Extracted data entries.
*** Block opens ***

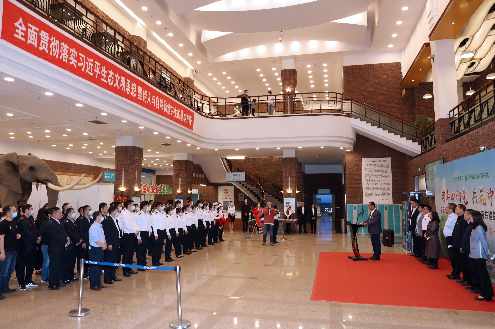 杨颖在讲话中表示,大连自然博物馆成为地方政府和高校进行生态环境保护的教育基地,既是一份荣誉,也是一份沉甸甸的责任,更是一种信任与期待。希望今后能够携手并进,致力于推动生态环保科普宣传、提升公众环保意识,为青年学生搭建志愿服务和社会实践的重要平台。
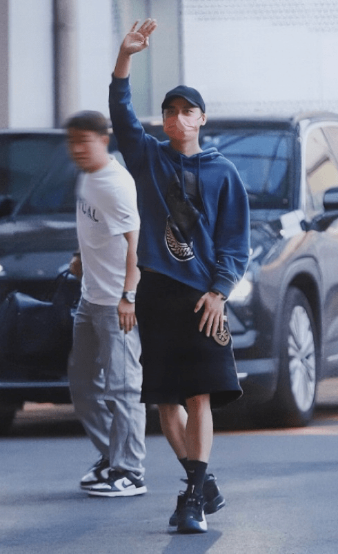 他身穿蓝色卫衣、黑色短裤,头戴鸭舌帽现身,直接向在旁等候的粉丝打招呼。
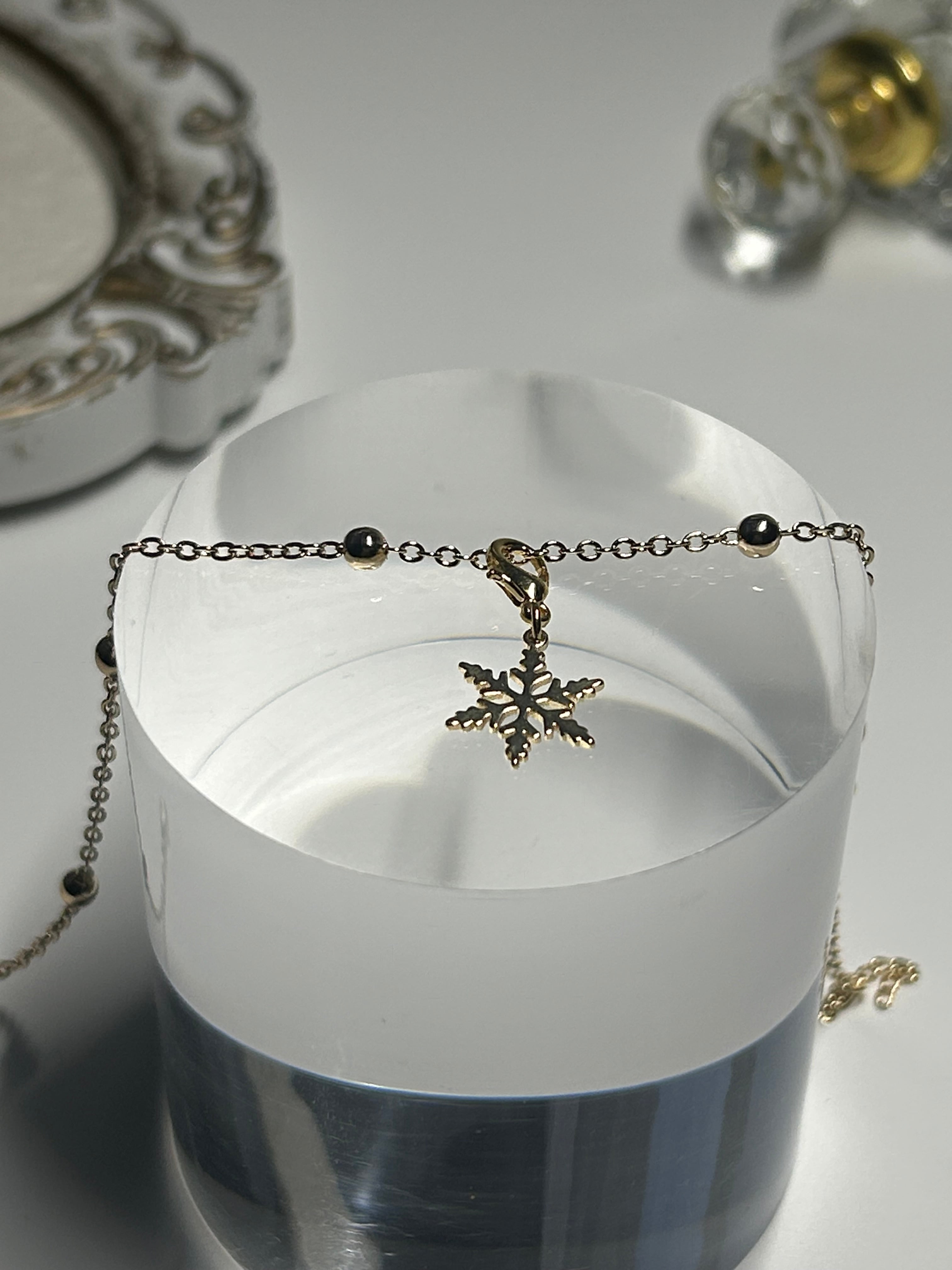 透明な輝きに、雪の結晶がさりげなくきらり。
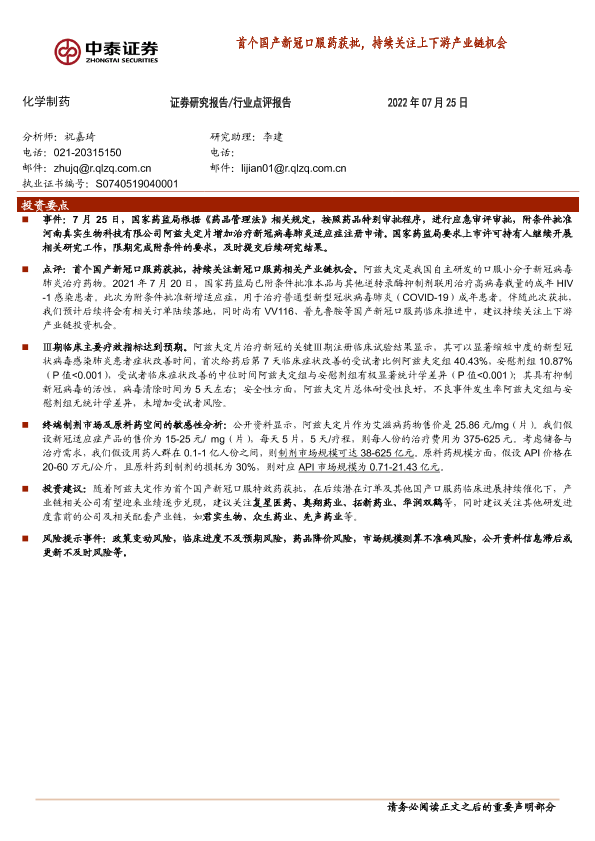 【中泰证券】【20220725】化学制药行业点评报告:首个国产新冠口服药获批,持续关注上下游产业链机会-3页
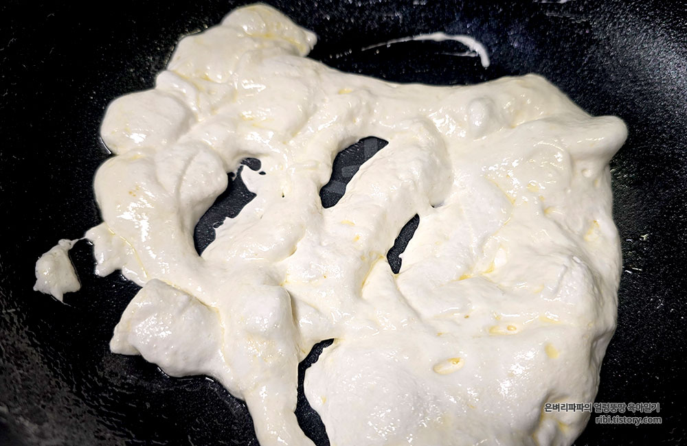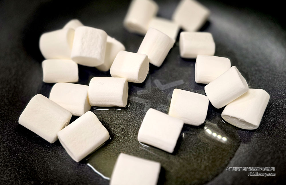 볶음팬에 녹인 버터와 마시멜로우를 넣고 중불에서 잘 섞어주며 녹여줍니다.
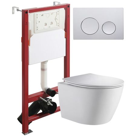 Комплект унитаза с инсталляцией Orange CI07-150W+APB100 с сиденьем Микролифт и клавишей смыва Хром глянцевый.
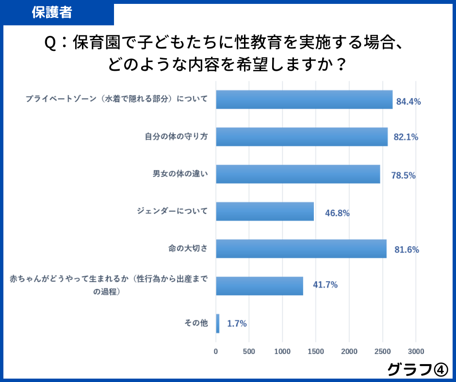 「保育園で子どもたちに性教育を実施する場合、どのような内容を希望しますか?(複数回答)」という質問に対しては、グラフ④が示すとおり、 「プライベートゾーンについて」「自分の体の守り方」に次いで、「命の大切さ」や「男女の体の違い」といったより本質的な内容も重視していることがうかがえます。
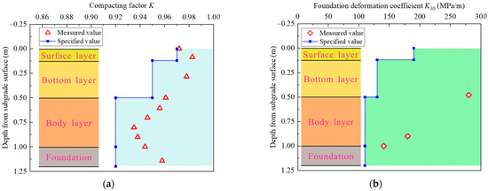 Detection results of compaction quality of subgrade and foundation. (a) Compacting factor K; (b) foundation deformation coefficient K30.
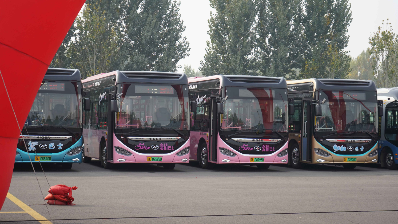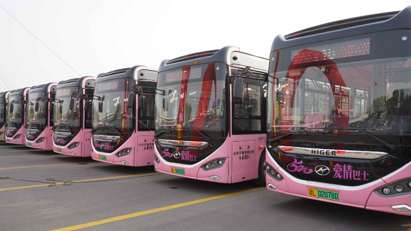 愛老敬老專線給予老人更多呵護關(guān)懷;文旅巴士帶你一覽臨汾城市特色;還有一輛輛520愛情巴士粉紅色內(nèi)外涂裝,駕駛員是清一色女司機,浪漫時尚愛意滿滿,乘坐其中被幸福全面擁抱;而20多輛微循環(huán)小巴個個小巧可愛,將帶你在路面較窄、車流量較大的道路上自如穿梭。一輛輛蘇州金龍海格客車七彩絢麗的外觀設(shè)計、精致溫馨的車廂空間,還有各種高科技智能加持,讓人目不暇接,添彩城市幸福出行。
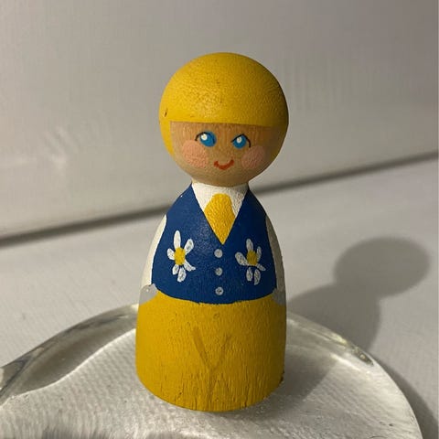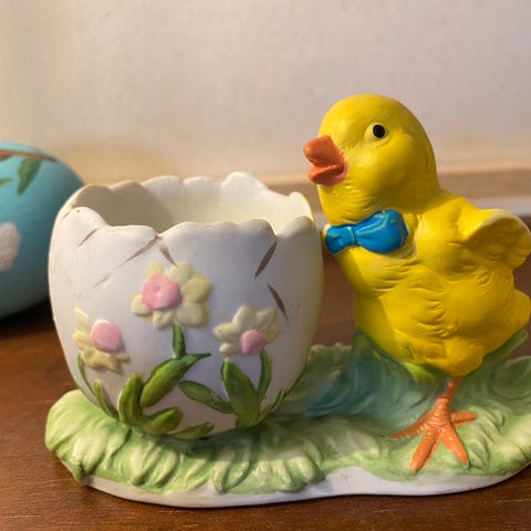 Påskestage og fuglerede, Retro, Ældre påskestage, er ret sikker på den er fra Eigenbrod eller Anne Beate. Højde 11,5 cm. Reden er af ældre dato. Stagen har aldersrelaterede brugsspor.
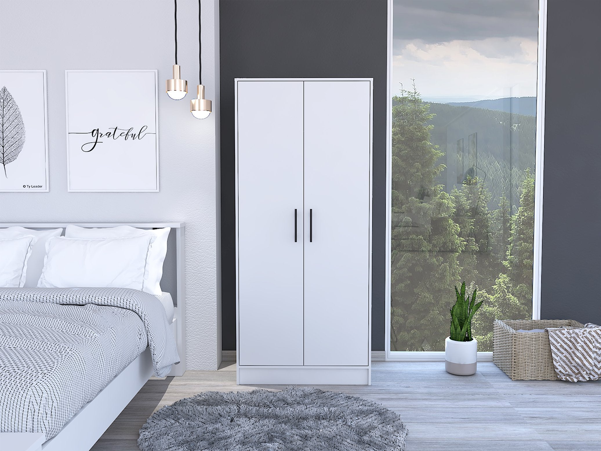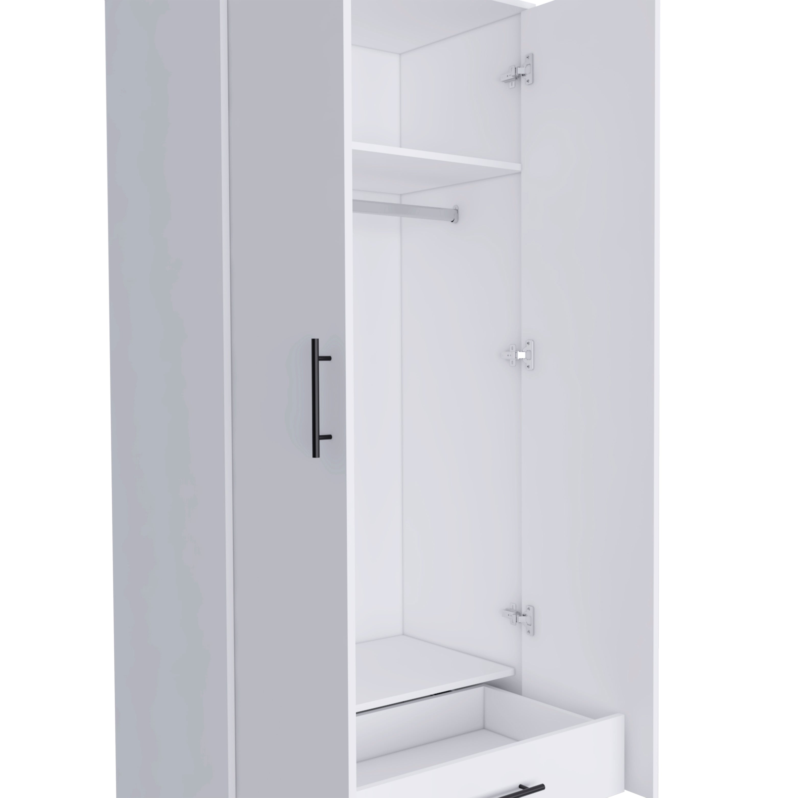 Bring order and style to your bedroom with this clean-lined white armoire, designed to maximize storage with a combination of shelving, hanging space, and a convenient drawer. Its neutral finish and simple profile fit a variety of décors while providing an efficient wardrobe solution for small spaces or as supplemental storage.
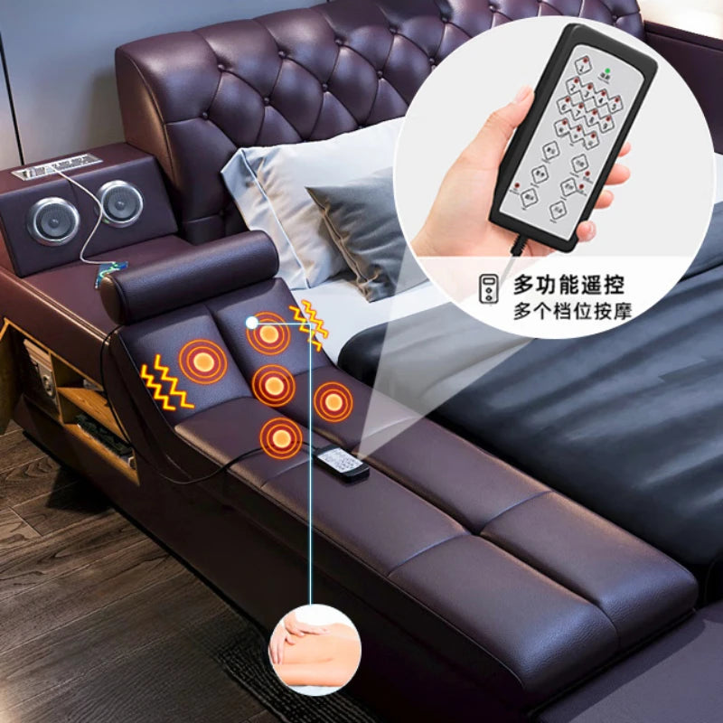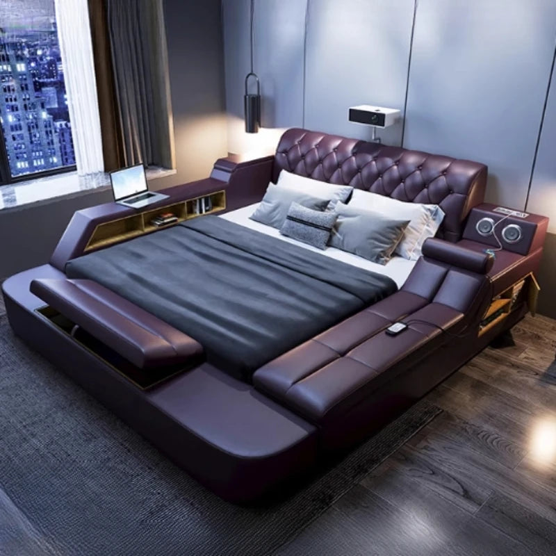 Nordic European Queen Bed - Headboard Storage, Modern Design

*** Block closes ***

Directions. Repeat exactly and only the lines from the start of the data above through the line that holds "Комплект унитаза с", inclusive. Pictures do not belong in the copy.

Answer for this exercise.
 杨颖在讲话中表示,大连自然博物馆成为地方政府和高校进行生态环境保护的教育基地,既是一份荣誉,也是一份沉甸甸的责任,更是一种信任与期待。希望今后能够携手并进,致力于推动生态环保科普宣传、提升公众环保意识,为青年学生搭建志愿服务和社会实践的重要平台。
 他身穿蓝色卫衣、黑色短裤,头戴鸭舌帽现身,直接向在旁等候的粉丝打招呼。
 透明な輝きに、雪の結晶がさりげなくきらり。
 【中泰证券】【20220725】化学制药行业点评报告:首个国产新冠口服药获批,持续关注上下游产业链机会-3页
 볶음팬에 녹인 버터와 마시멜로우를 넣고 중불에서 잘 섞어주며 녹여줍니다.
 Комплект унитаза с инсталляцией Orange CI07-150W+APB100 с сиденьем Микролифт и клавишей смыва Хром глянцевый.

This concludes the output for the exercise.